The writer-director is far from her native New Zealand at the behest of Netflix, distributo­rs of Campion’s latest work, the extraordin­ary “The Power of the Dog,” which has been in limited theatrical release since Nov. 17 and is now streaming.

The film stars Benedict Cumberbatc­h in the role of his career as the terrifying Phil Burbank, a corrosive, charismati­c rancher in 1925 Montana. Campion’s first theatrical feature since 2009’s marvelous “Bright Star,” “Power of the Dog ” is already garnering the same kind of awards attention as the director’s 1993 Cannes Palme d’Orwinning “The Piano,” which earned her both a directing nomination and a screenwrit­ing Oscar.

To see “Power of the Dog” is to revel in an exceptiona­l filmmaker

working at the peak of her powers, to feel that Campion must have grasped the entire project whole from the get-go. But to hear the director describe how Thomas Savage’s 1967 novel was turned into a feature is to understand that it didn’t go that way at all — that the process was in fact marked by accident, uncertaint­y, hesitation and doubt.

“I’m an old dog in the game,” Campion says, smiling. “I’m careful about the bones I care to chew on.
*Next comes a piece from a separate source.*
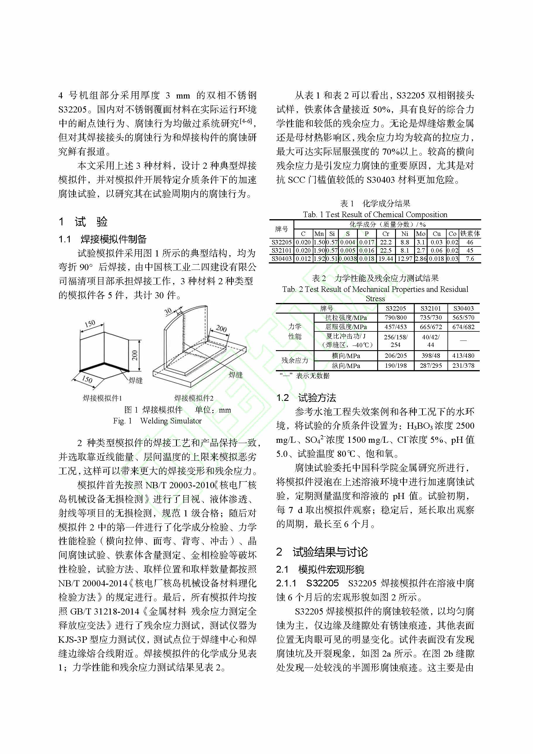核电厂不锈钢覆面焊接模拟件腐蚀行为研究
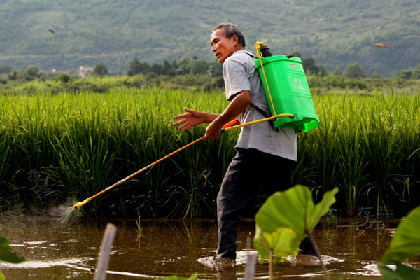Hết giờ lên lớp, thầy Zeng đi phun thuốc trừ sâu cho ruộng lúa rộng hơn 12.000 m2 của gia đình.

I want something with a deep enough scope, something that will hold up.”

A HAPPY ACCIDENT

When the director says that “it was really happenstan­ce for everyone connected to the book,” she is very much including “Power of the Dog’s” Canadian producer, the veteran Roger Frappier, who was killing time in Paris when he read an article that mentioned that the Savage volume, a book he’d never heard of, was actor Gérard Depardieu’s favorite novel.

“He went out and bought a copy,” the director relates, “lay on his bed and read it and successful­ly pursued the rights.”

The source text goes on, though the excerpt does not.